Fourth Utility-Scale Solar Project

Tri-State in a news release said Spanish Peaks is its fourth utility-scale solar project and first renewable energy PPA after it issued a request for proposals (RFP) for renewable energy supply in June 2018.

“Tri-State secures renewable energy with the highest value at the lowest cost for our member cooperatives, and this is our largest, most cost-effective solar project to date,” said Mike McInnes, Tri-State’s CEO, in the release. “By developing renewable projects through Tri-State, our members take advantage of an economy of scale unavailable in smaller projects. We’re pleased to once again collaborate with juwi on a project that benefits all of our members and further diversifies our power supply.”

Tri-State in its release said, “Nearly a third of the energy consumed by Tri-State’s members comes from emissions-free renewable energy.” The utility said it has 85 MW of solar power in place, and has added more than 475 MW of utility-scale solar, wind, and renewable projects to its generation profile since 2008.

Expensive Coal Plants

A 2018 report from Moody’s Investors Service said that most coal plants owned by municipal utilities, and generation and transmission associations, are more expensive to operate than new renewable energy projects. Moody’s noted that “72.3% of these plants, or about 65.0 gigawatts, have operating costs exceeding $30 per megawatt hour, which Moody’s views as the threshold above which coal plants are vulnerable to be displaced by cheaper generation options.”

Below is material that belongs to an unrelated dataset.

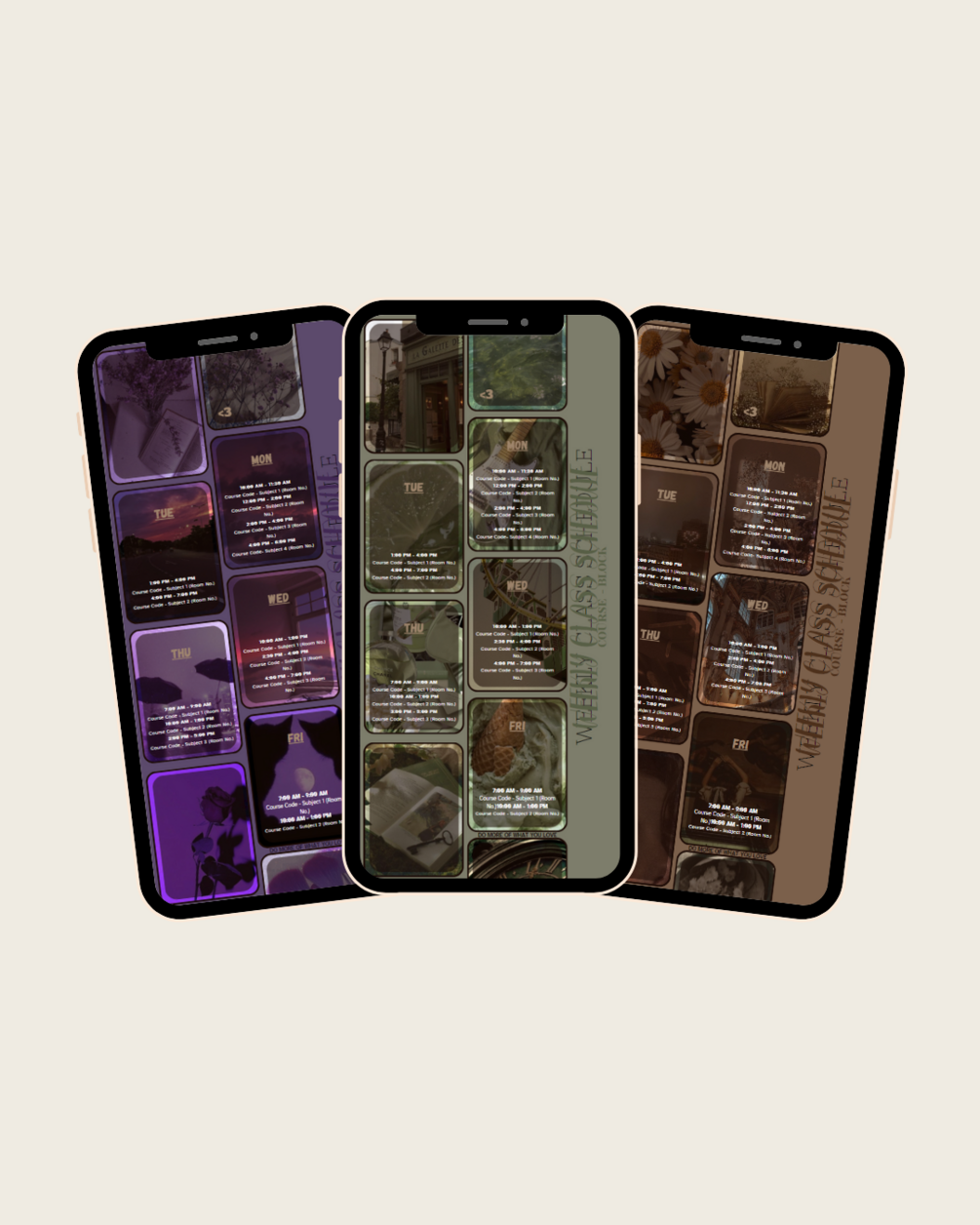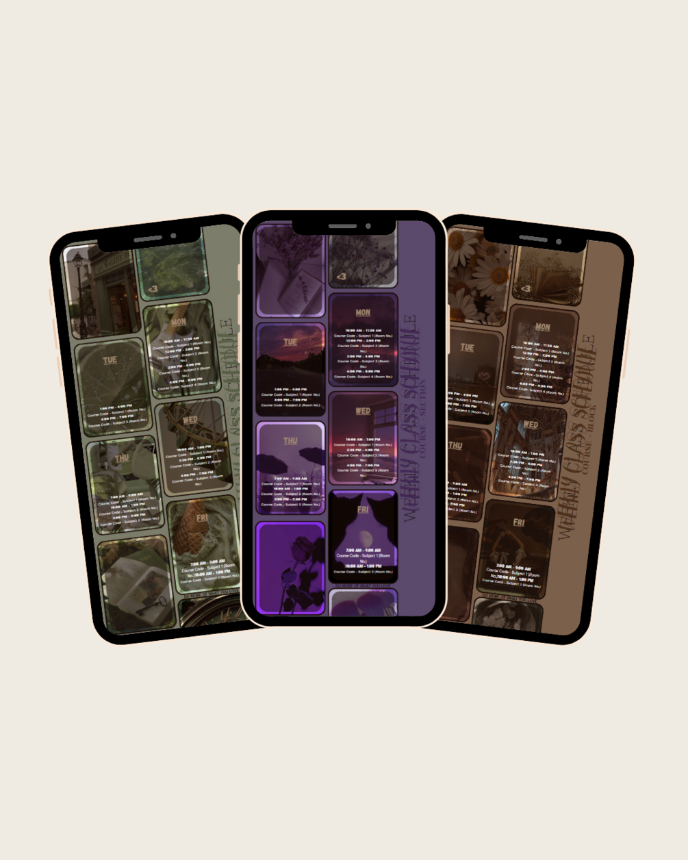 Introducing our Editable Digital Aesthetic Weekly Schedule Wallpaper – a perfect blend of style and functionality for your phone's home or lock screen. This minimalist phone wallpaper is designed with a harmonious color palette of Brown, Purple, and Green, adding a touch of sophistication to your digital space.
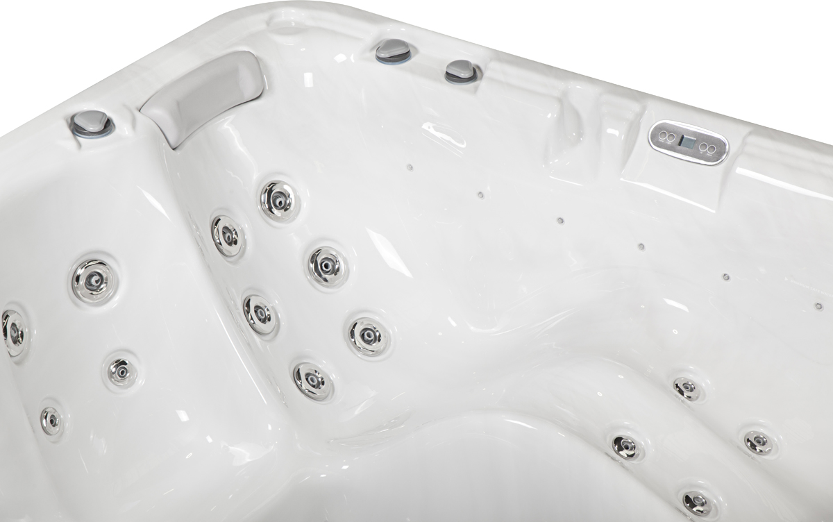Die neuen Spa-Bedienfelder sorgen für eine einfache Bedienung aller Funktionen. Ein großer Bildschirm zeigt die Badetemperatur an und über einfache Touch-Pads können Sie per Berührung alle Spa-Funktionen wie Temperatur, Düsen, Beleuchtung, etc. effektiv anpassen.

The report provided details about several coal units, including Tri-State’s, noting the company’s operating costs were between $33.63 and $36.80/MWh.

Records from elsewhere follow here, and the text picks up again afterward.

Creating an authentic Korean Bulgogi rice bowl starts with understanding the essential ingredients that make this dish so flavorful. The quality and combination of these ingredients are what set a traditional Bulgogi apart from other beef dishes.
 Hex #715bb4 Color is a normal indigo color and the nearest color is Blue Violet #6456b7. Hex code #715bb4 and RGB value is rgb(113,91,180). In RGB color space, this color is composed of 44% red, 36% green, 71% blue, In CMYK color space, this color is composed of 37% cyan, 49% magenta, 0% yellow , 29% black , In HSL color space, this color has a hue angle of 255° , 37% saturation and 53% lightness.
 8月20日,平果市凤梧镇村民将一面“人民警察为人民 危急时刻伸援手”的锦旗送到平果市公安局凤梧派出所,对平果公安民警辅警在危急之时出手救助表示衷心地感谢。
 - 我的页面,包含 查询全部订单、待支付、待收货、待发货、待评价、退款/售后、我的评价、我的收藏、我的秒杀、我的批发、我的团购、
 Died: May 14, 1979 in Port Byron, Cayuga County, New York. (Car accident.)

One of Tri-State’s members, Delta-Montrose Electric Association (DMEA) in Colorado, is trying to get out of its contract with Tri-State. The group said it wants to use more renewable and locally generated power than it can under the current contract. DMEA also has been vocal with complaints about Tri-State’s power rates, and in December 2018 said it wants an exit from Tri-State’s wholesale contract in part because Tri-State relies too much on coal-fired generation.

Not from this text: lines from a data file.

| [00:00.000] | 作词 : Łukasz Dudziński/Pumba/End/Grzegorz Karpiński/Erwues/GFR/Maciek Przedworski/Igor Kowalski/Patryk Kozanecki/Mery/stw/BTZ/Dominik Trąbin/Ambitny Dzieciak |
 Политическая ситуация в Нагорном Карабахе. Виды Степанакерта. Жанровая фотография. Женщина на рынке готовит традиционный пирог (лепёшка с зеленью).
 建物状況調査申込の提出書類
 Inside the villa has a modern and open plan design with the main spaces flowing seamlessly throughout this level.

Virginia Harman, chief operating officer of DMEA, told Colorado Public Radio: “Average member rates have increased by 56% since 2005. That’s more than double the increase of the Consumer Price Index. And that stands in stark contrast to the overall energy market in which prices have decreased significantly.”

Harman said Tri-State, despite its RFP for renewables, is not doing enough to replace fossil fuels with wind and solar. Harman said DMEA is prevented from generating from wind and solar because the Tri-State contract limits local renewable power generation at 5%.

“We would like to exceed that,” she said. “This is a way for us to look at [a] more diverse energy mix and increased local generation.” DMEA has asked the Colorado Public Utilities Commission to decide a fair rate that DMEA would pay to end its contract with Tri-State. The group said it would then buy power from Guzman Energy Group, the wholesale power provider for the New Mexico-based Kit Carson Electric Association, which exited its agreement with Tri-State in 2016.